Saved data entries
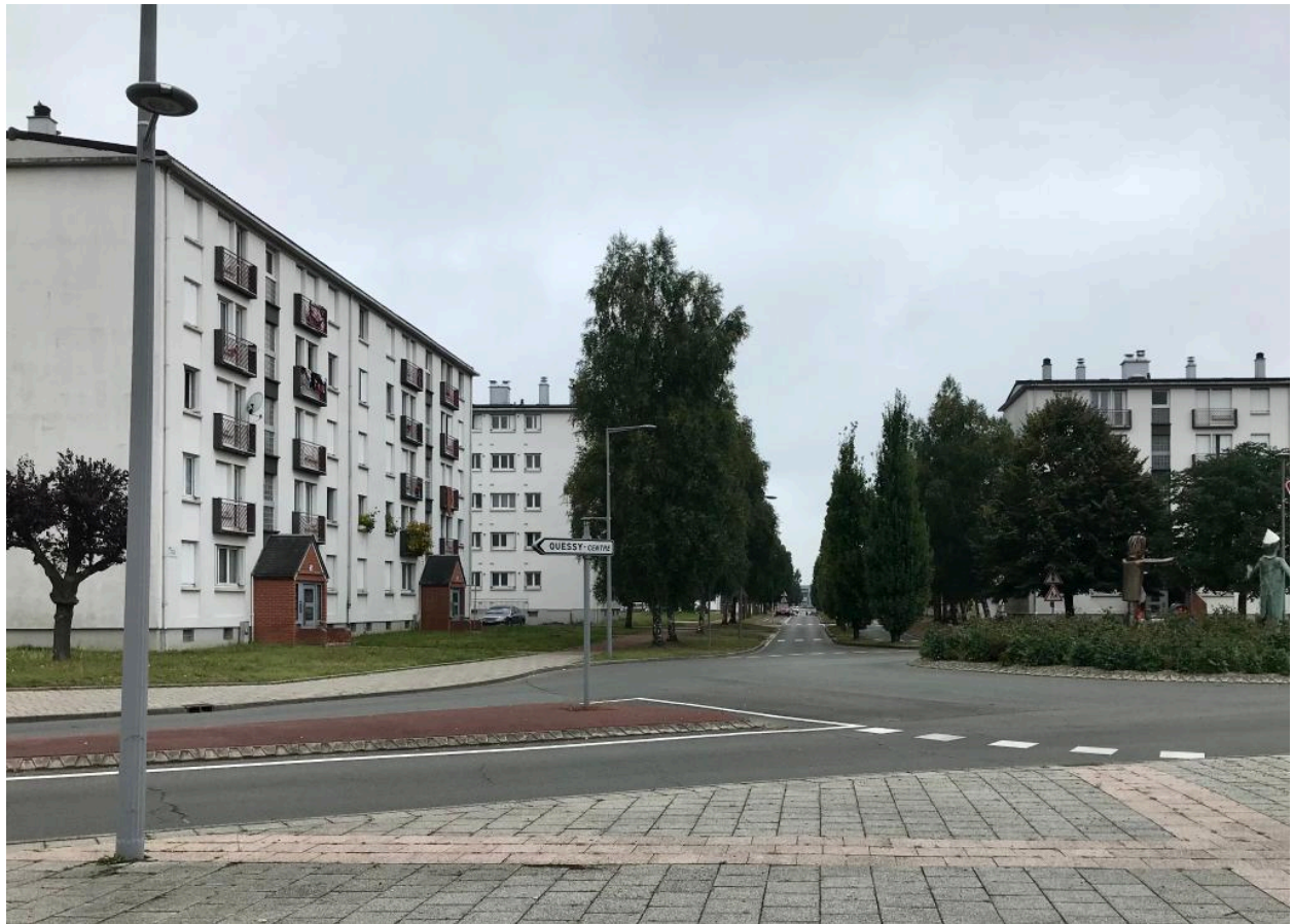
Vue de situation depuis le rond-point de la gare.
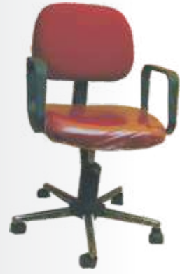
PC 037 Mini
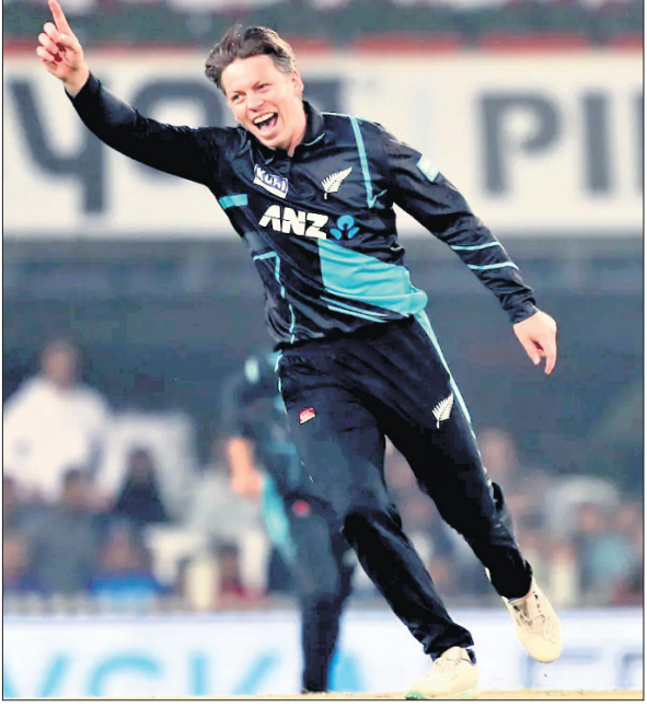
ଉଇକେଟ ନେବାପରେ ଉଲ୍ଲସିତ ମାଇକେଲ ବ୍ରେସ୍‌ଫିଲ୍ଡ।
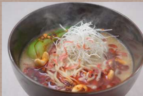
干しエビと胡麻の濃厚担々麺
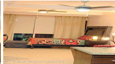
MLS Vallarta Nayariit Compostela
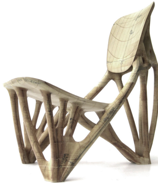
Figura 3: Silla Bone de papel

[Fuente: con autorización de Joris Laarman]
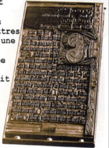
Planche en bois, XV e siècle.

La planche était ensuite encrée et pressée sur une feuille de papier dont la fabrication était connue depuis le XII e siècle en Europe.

● Work item:
Transcribe the lines that run from the line bearing "ଉଇକେଟ ନେବାପରେ ଉଲ୍ଲସିତ ମାଇକେଲ ବ୍ରେସ୍‌ଫିଲ୍ଡ।" through the last line of the data. Keep the wording exact and leave out every picture.

● Output of the task:
ଉଇକେଟ ନେବାପରେ ଉଲ୍ଲସିତ ମାଇକେଲ ବ୍ରେସ୍‌ଫିଲ୍ଡ।
干しエビと胡麻の濃厚担々麺
MLS Vallarta Nayariit Compostela
Figura 3: Silla Bone de papel

[Fuente: con autorización de Joris Laarman]
Planche en bois, XV e siècle.

La planche était ensuite encrée et pressée sur une feuille de papier dont la fabrication était connue depuis le XII e siècle en Europe.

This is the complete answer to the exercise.